**Assignment:** Reproduce only the lines below from the line containing "Title (ebay affiliate" to the line containing "こちらのクラスは生活科で、「かざわ」を作っていました。上手に転がるかな?", exactly as written, with both end lines kept. Omit the pictures.

**Given data:**
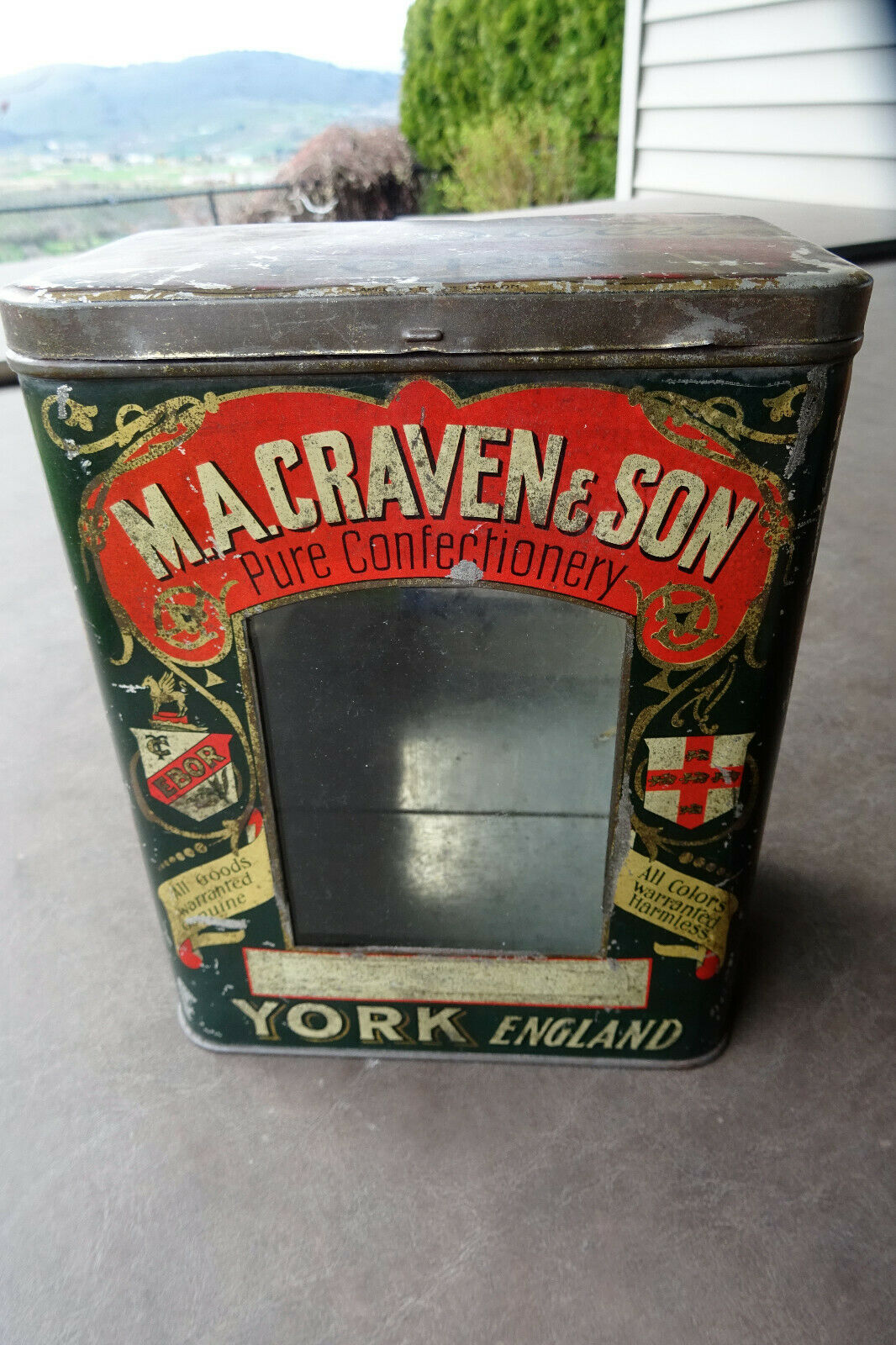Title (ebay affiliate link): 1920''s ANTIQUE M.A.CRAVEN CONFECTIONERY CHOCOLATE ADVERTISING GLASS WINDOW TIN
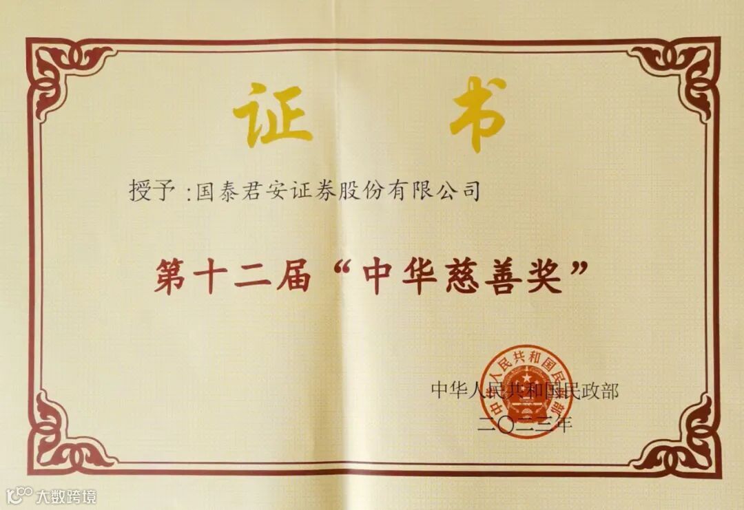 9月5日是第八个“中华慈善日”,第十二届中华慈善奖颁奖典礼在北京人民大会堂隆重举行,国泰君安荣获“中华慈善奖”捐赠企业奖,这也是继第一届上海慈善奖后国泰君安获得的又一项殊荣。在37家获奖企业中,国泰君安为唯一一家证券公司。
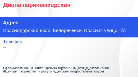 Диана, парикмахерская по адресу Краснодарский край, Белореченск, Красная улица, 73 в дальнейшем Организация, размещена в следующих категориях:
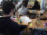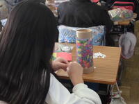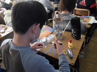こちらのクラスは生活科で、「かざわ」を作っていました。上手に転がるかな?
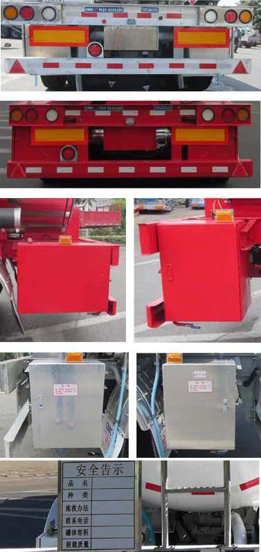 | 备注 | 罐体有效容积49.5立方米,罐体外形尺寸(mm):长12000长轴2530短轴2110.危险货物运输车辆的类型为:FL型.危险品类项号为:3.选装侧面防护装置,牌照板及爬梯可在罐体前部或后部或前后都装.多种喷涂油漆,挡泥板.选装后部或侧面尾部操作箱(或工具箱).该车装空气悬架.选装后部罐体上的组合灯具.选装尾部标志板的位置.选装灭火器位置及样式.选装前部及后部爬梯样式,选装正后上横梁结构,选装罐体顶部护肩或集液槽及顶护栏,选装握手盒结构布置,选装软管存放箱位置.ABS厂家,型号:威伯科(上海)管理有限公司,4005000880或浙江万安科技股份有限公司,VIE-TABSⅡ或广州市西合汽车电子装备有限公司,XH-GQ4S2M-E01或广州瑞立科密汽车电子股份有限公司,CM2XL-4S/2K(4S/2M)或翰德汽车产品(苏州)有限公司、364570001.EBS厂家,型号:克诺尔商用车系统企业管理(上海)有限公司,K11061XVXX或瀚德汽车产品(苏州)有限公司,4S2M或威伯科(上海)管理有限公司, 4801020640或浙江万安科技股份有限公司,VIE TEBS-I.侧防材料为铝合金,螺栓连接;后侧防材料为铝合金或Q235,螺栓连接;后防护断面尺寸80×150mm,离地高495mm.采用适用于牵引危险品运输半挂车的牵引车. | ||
---
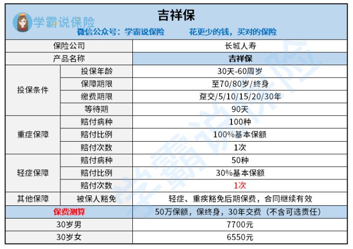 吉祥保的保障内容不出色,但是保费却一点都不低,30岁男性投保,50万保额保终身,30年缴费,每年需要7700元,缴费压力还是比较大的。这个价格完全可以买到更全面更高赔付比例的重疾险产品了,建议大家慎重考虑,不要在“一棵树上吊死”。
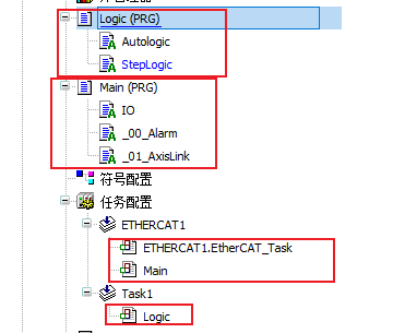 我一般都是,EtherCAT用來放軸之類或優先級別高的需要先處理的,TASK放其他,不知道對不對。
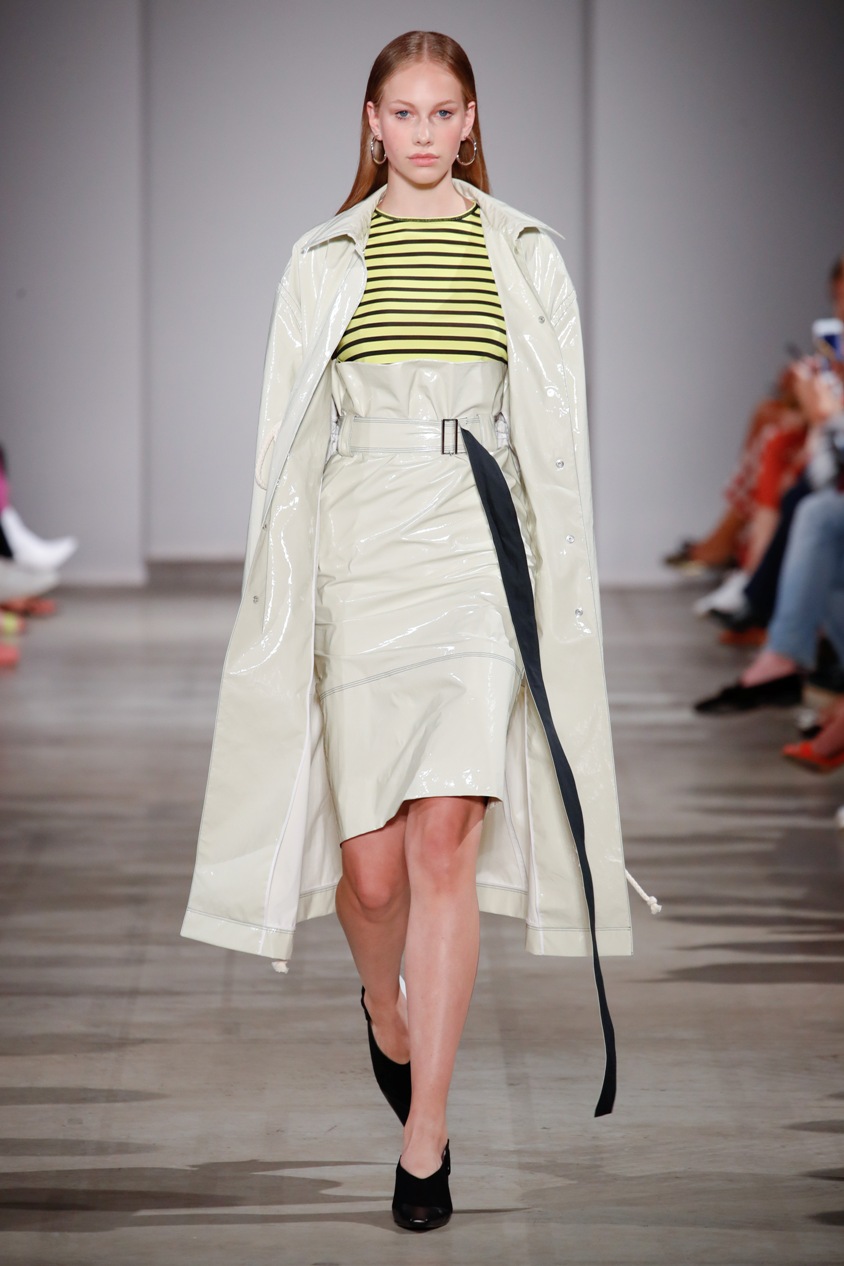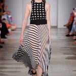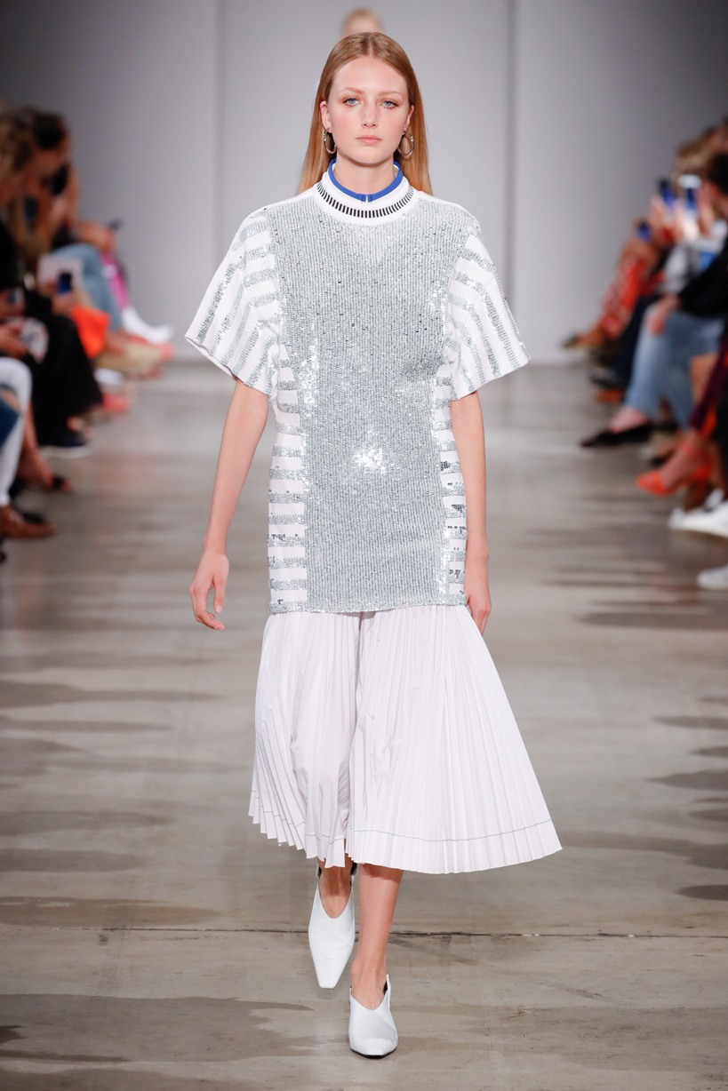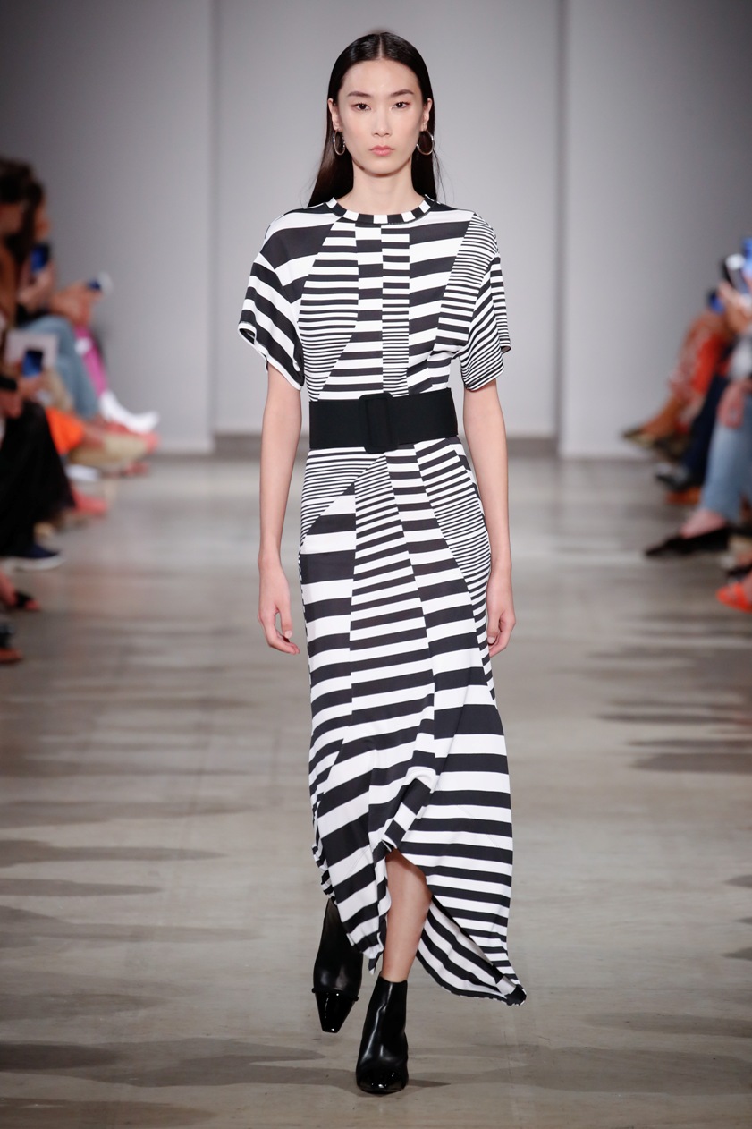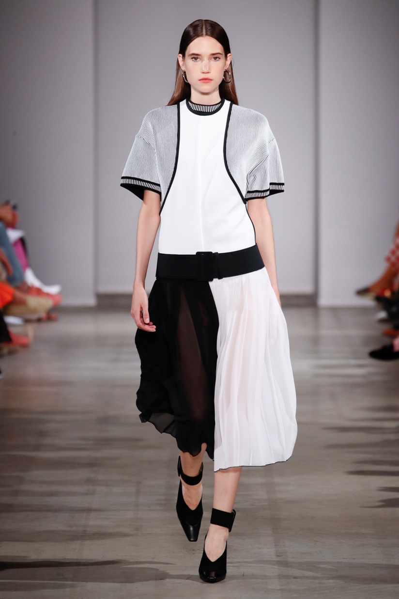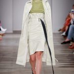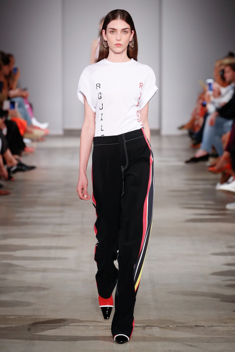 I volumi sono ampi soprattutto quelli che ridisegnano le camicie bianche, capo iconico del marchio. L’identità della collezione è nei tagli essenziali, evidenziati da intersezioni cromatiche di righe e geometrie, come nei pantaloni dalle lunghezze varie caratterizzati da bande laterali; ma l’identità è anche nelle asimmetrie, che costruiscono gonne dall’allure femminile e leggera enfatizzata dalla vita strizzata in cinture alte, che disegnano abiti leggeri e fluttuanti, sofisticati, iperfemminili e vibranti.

**Exercise output:**
Title (ebay affiliate link): 1920''s ANTIQUE M.A.CRAVEN CONFECTIONERY CHOCOLATE ADVERTISING GLASS WINDOW TIN
 9月5日是第八个“中华慈善日”,第十二届中华慈善奖颁奖典礼在北京人民大会堂隆重举行,国泰君安荣获“中华慈善奖”捐赠企业奖,这也是继第一届上海慈善奖后国泰君安获得的又一项殊荣。在37家获奖企业中,国泰君安为唯一一家证券公司。
 Диана, парикмахерская по адресу Краснодарский край, Белореченск, Красная улица, 73 в дальнейшем Организация, размещена в следующих категориях:
こちらのクラスは生活科で、「かざわ」を作っていました。上手に転がるかな?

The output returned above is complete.